Cemaat, hedef olarak “ulus devlet”i reddediyor, “umma” kavramını benimsiyor. Devlet başkanlığınıysa, dini olarak onaylanmış bir halifelik gibi anlıyor. Cemaat’in siyasi söylemi, yöntemleri de ulaştığı güç düzeyine göre değişiyormuş. BBC İzleme Servisi’nin aktardığına göre, TV dizisi üzerine yapılan bir tartışmada konuşan Fu’ad Allam (Cemaat’i soruşturmakla görevli eski bir üst düzey güvenlik görevlisi) Cemaat’in Tekfiri ideolojisini (kendileriyle aynı görüşte olmayan Müslümanları gavur ilan ederek dışlamak) benimsediğini, ancak halk arasında yeterli meşruiyete ve güce ulaşmadan bunu harekete geçirmediğini ileri sürmüş.
İktidarsızların son sığınağı
Cemaat’in başarısının bir kaynağını da, toplumsal muhalefet içinde başarı gösteremeyen, umudunu yitirmiş, entelektüellerin, grupların desteği oluşturuyor.
Kimi liberal, liberal-sol gruplar, entelektüeller, ayakta kalabilmek, siyasi gelişmeleri etkilemek için gereken mali ve insan kaynaklarını oluşturamadıklarından gidip Cemaat’e sığınıyorlarmış. Bu olgunun son örneğini, başkanlık seçimleri sürecine liberal-seküler bir aday olarak katılan El Baradei oluşturuyor. Amaçladığı yeterli imza sayısına ulaşamayan El Baradei ve etrafındaki liberal, sol-liberal gruplaşma, Cemaat’ten yardım istediler. Sürecin bu yönde işlediğini daha önce saptamıştık: (‘El-Baradei ve Mısır’da “değişim”, 26/04/2010).
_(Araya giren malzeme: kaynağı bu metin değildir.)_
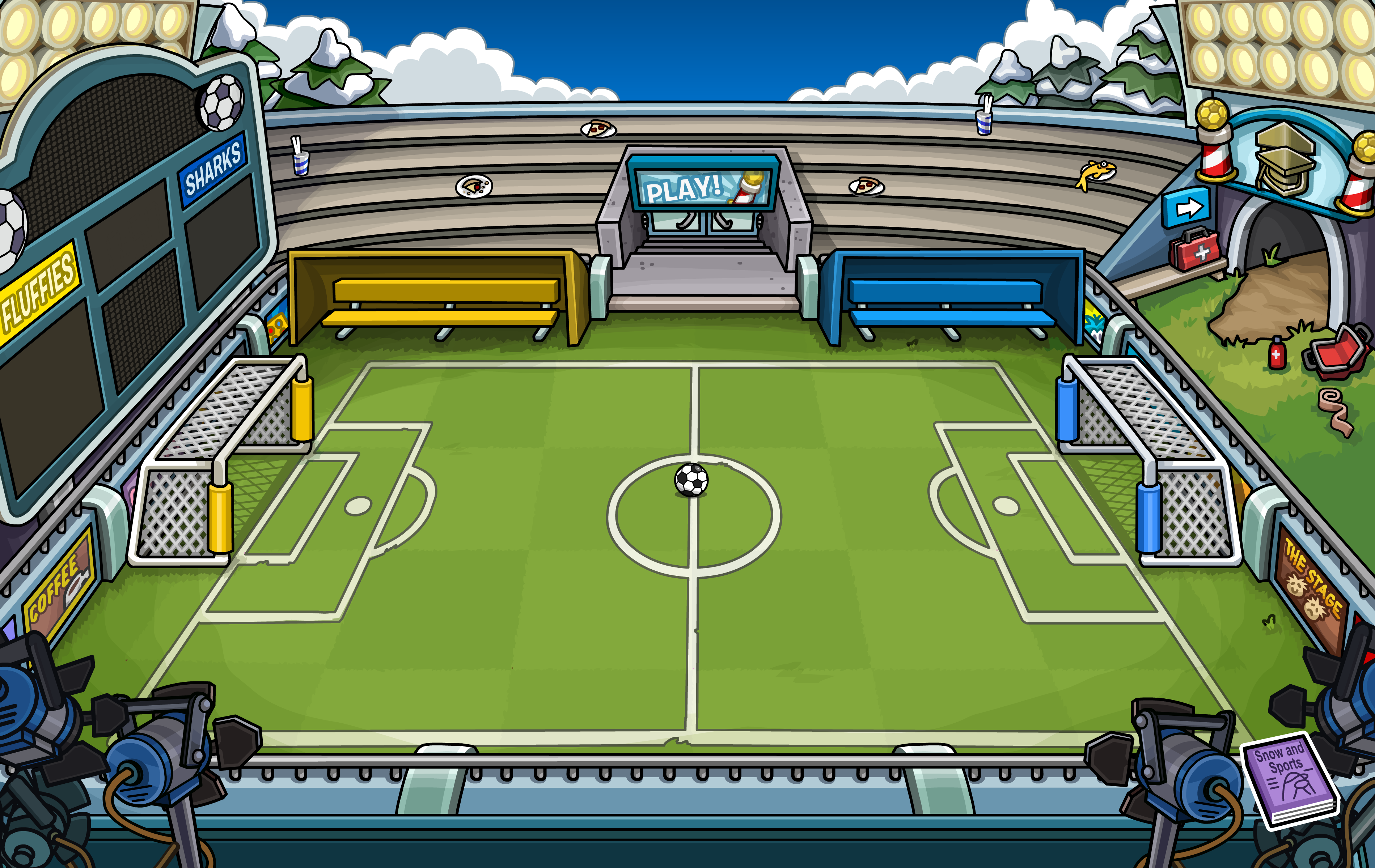 The Stadium (formerly known as the Soccer Pitch) was a sports field covered in artificial turf, and was the counterpart to the Ice Rink. Located near the Snow Forts, penguins were able to play soccer there, by running around, and kicking the soccer ball into nets. The Stadium was open only in the summer and autumn months of the Northern Hemisphere. The Snow and Sports catalog is also located here.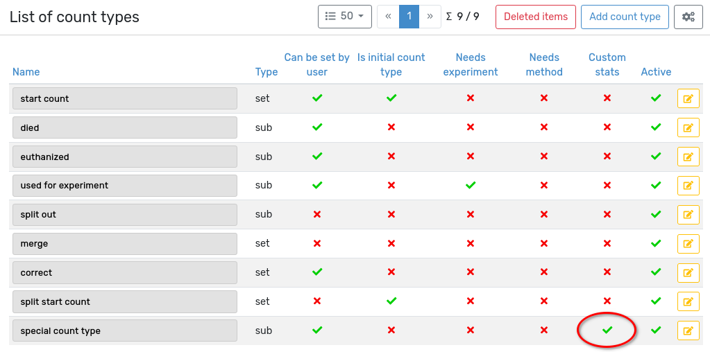 Other count types can be included in the statistics by setting the count types parameter custom stats to True (go to Admin > Codebooks > Count Type).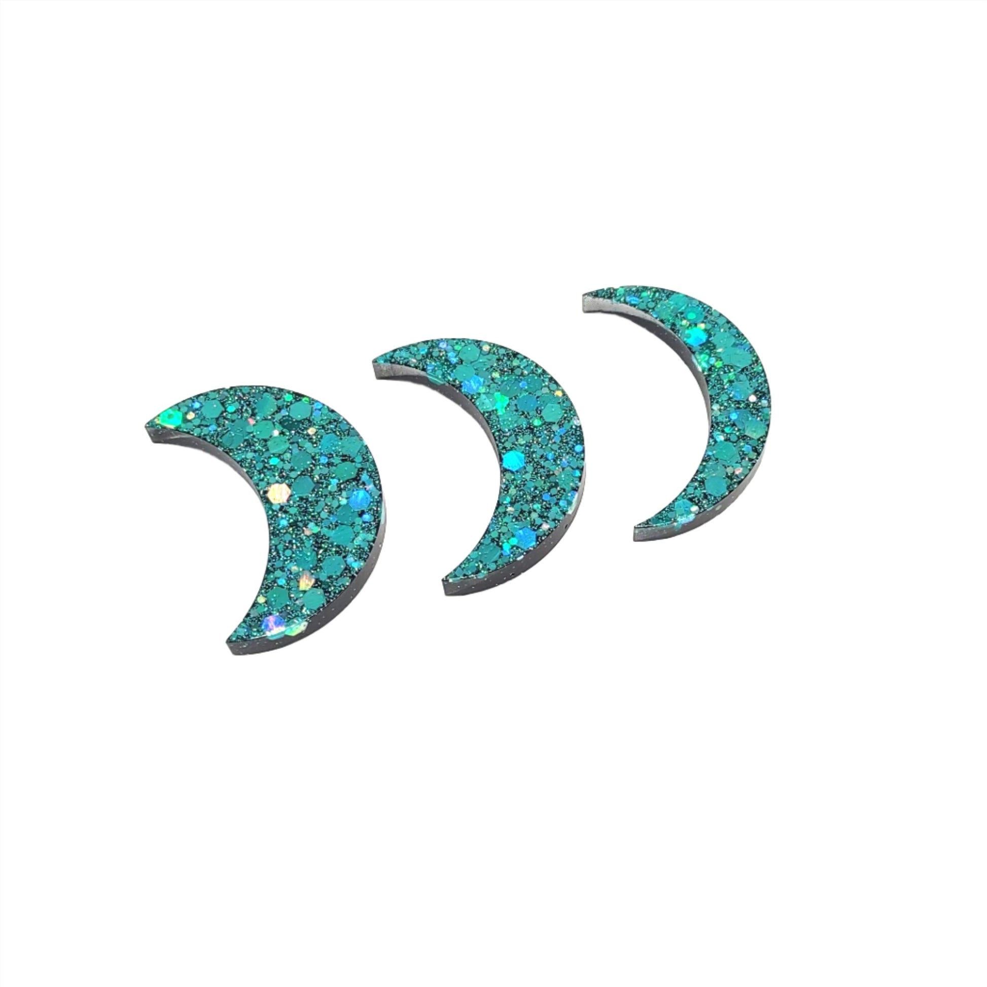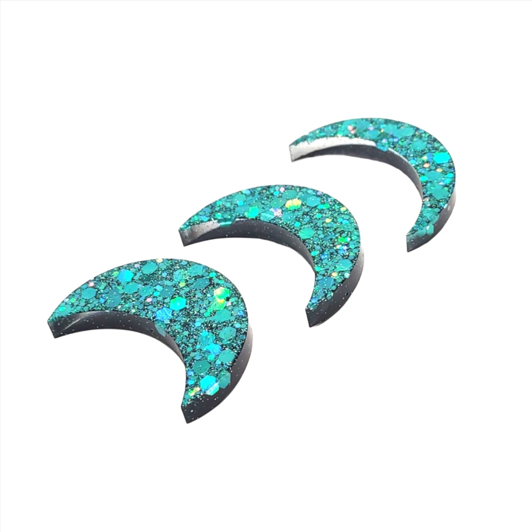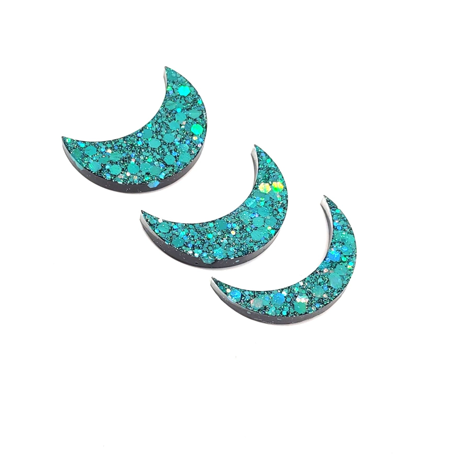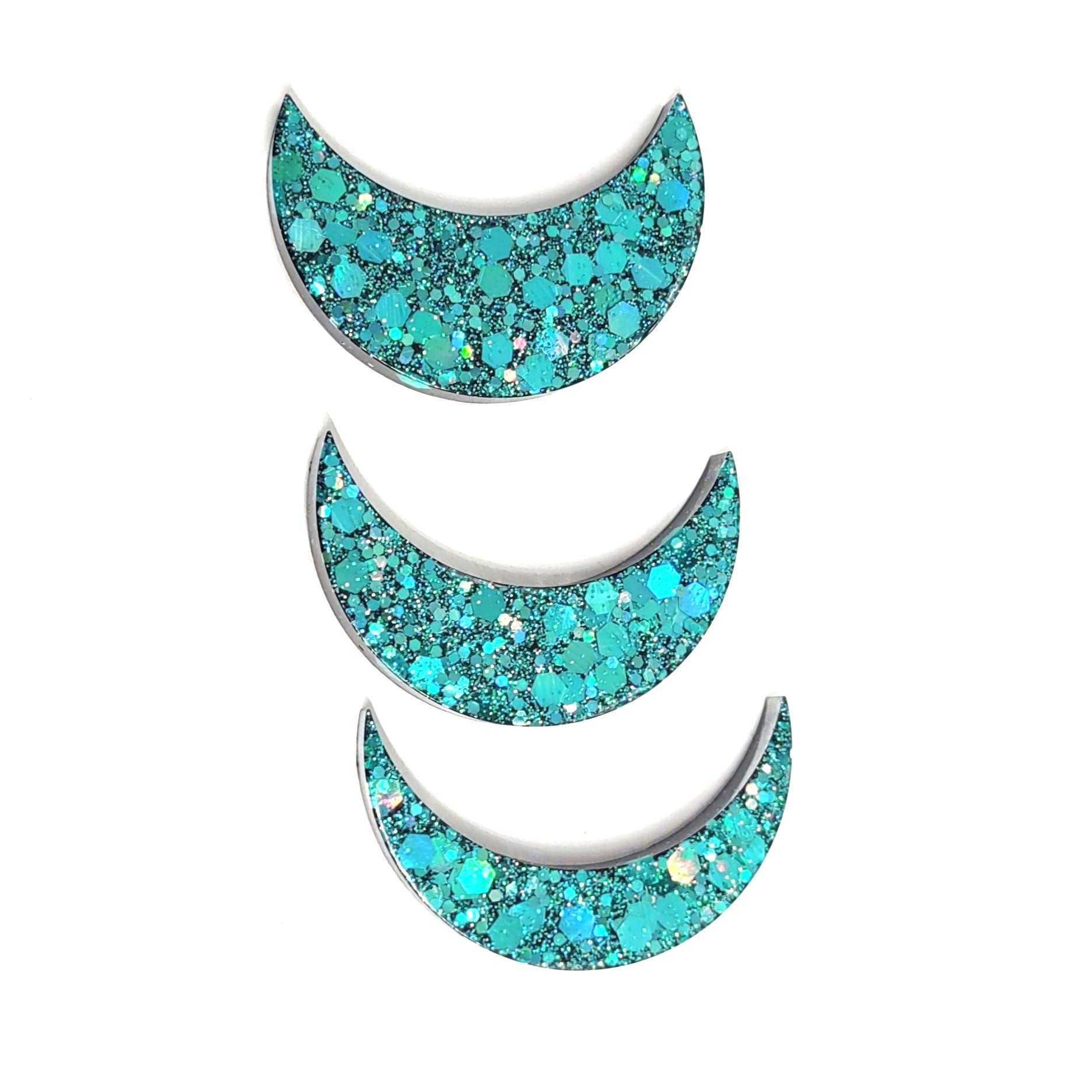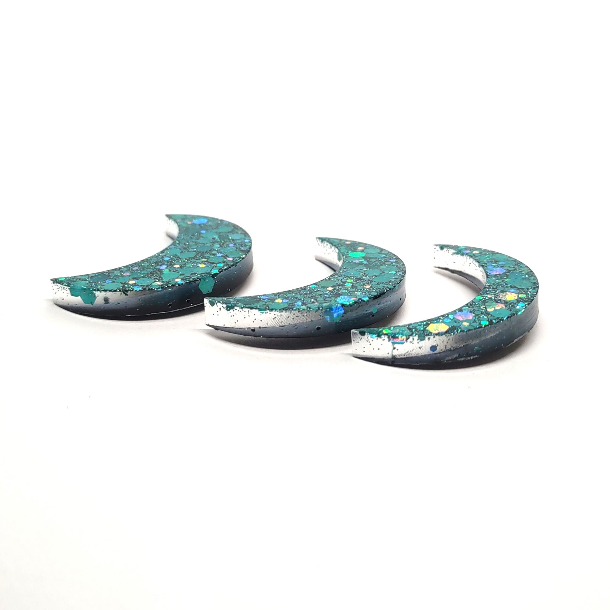 Crescent Moon Magnet Set Blue Holographic Resin Handcrafted Magnet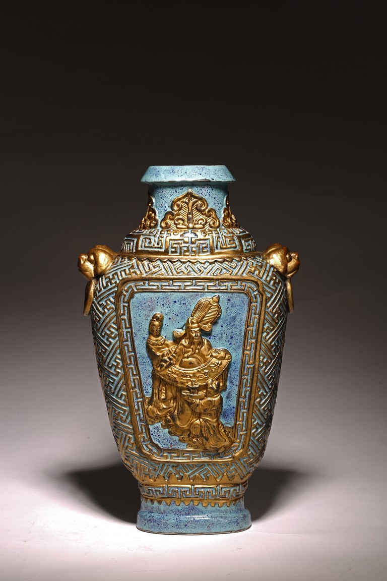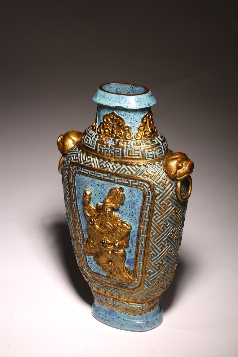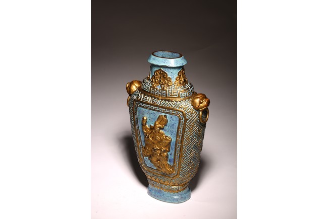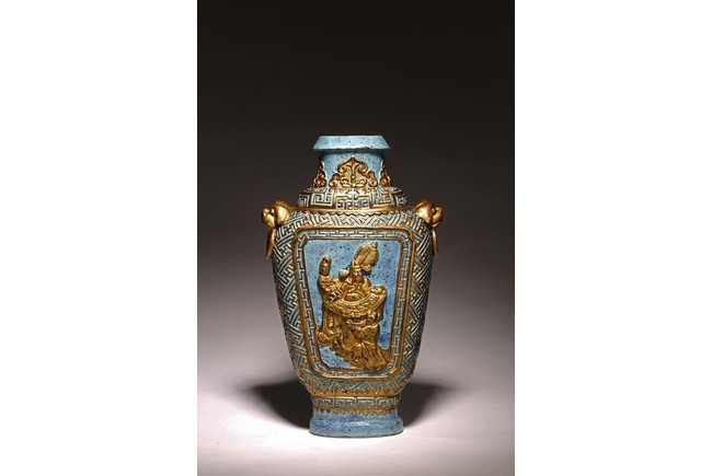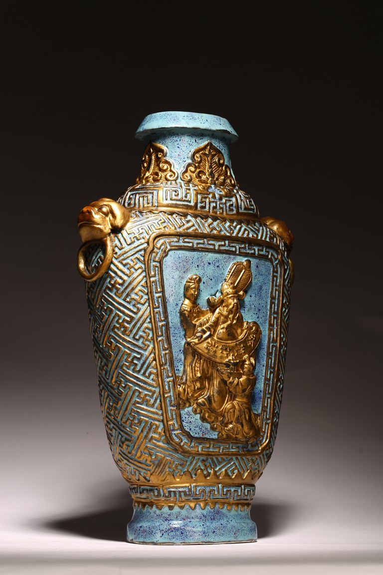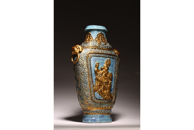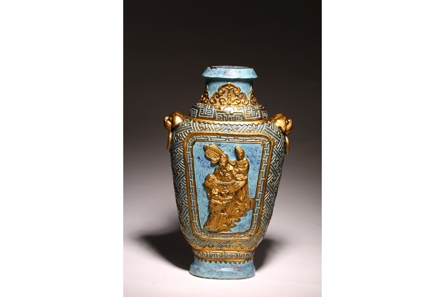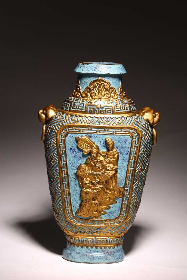 古銅彩是清 乾隆朝裝飾彩特殊品種之一,摹仿古代青銅器色 彩,故稱“古銅彩”。其制作工藝非常考究,所燒制 出青銅器鏽迹斑駁的效果,或用金彩摹繪璀璨的錯金銀紋飾,其質感色彩均于青銅 真品相若。整體力圖顛覆傳統的新意,綜合新與舊之法,即有仿古的 韻味, 又有富麗堂皇之氣。 本器以古銅釉爲地,營造出古銅繡蝕斑駁的質感,金彩繪圖紋, 華麗古雅。方口,直頸,雙獅耳,腹漸下收,高圈足。頸部繪“蕉葉 紋”“夔龍紋”,腹部以“萬字紋”爲地,中心開窗繪“人物故事圖”, 官員手持書卷,仕女手持蕉扇跟隨其後,侍從跪拜其膝前,手捧爵杯。 整器人物刻畫清晰,構圖嚴謹,工藝考究,富麗堂皇。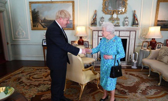 Boris Johnson ha asumido el cargo de primer ministro tras reunirse con la reina y aceptar su encargo de formar una nueva Administración. Así, le coge el testigo a Theresa May con la firme intención de ejecutar la salida de Gran Bretaña de la Unión Europea (UE) el 31 de octubre de este año, "sin peros ni condiciones".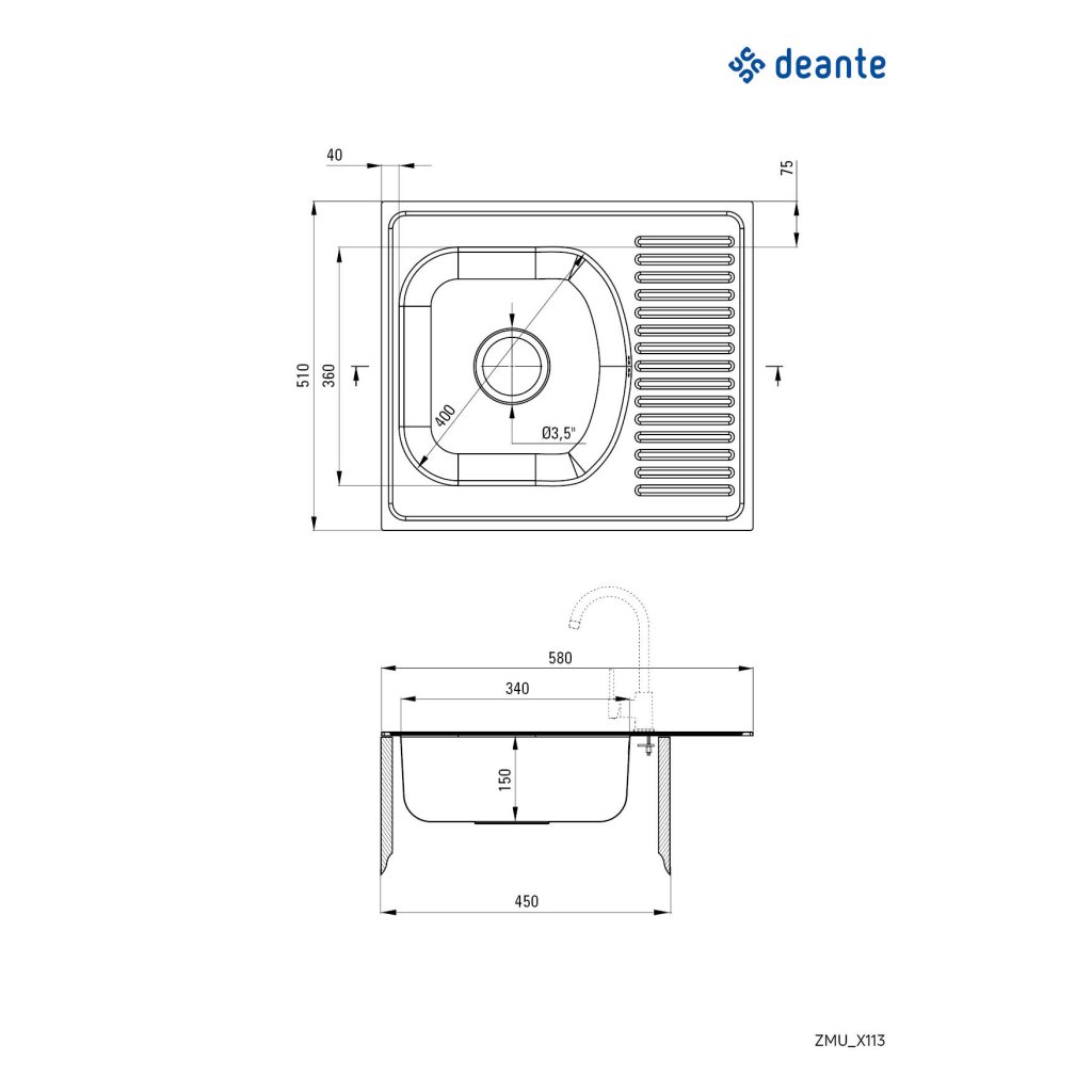 Deante Techno rozsdamentes mosogató 58 x 51 cm, 1 kamrás, mintás dekor, ZMU_3113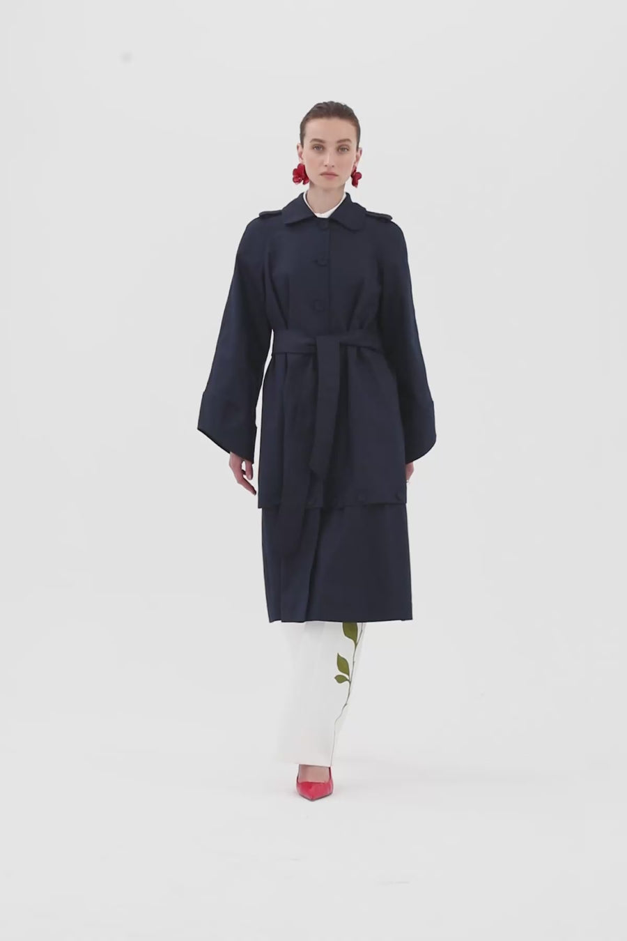 Geniş Kol Detaylı Alttan Düğmeli Trençkot
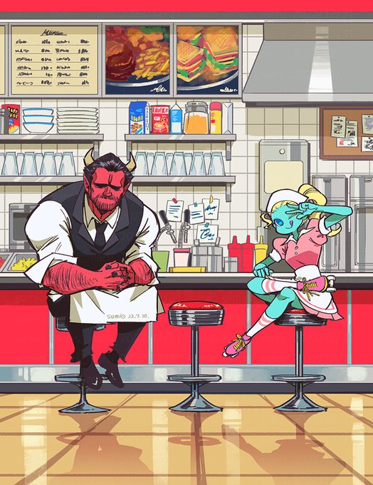 4 21 Boy&Girl展での新規絵ダイナー2名は、大昔描いたイラストの脇役リメイクでした。腕毛描くのが楽しかったです。 22/08/20 23:31

Abdul-Maneim Said’e göre El Baradei İran’da Humeyni’yi destekleyen demokratların ve solcuların izlediği yoldan gidiyor, böylece de Cemaat’e yeni bir siyasi kanal açmış, daha önce ulaşamadığı toplumsal kesimlerle diyalog kurma olanağı da sağlamış oluyor. İnsanın aklına ister istemez Dr. Faust gelmiyor mu?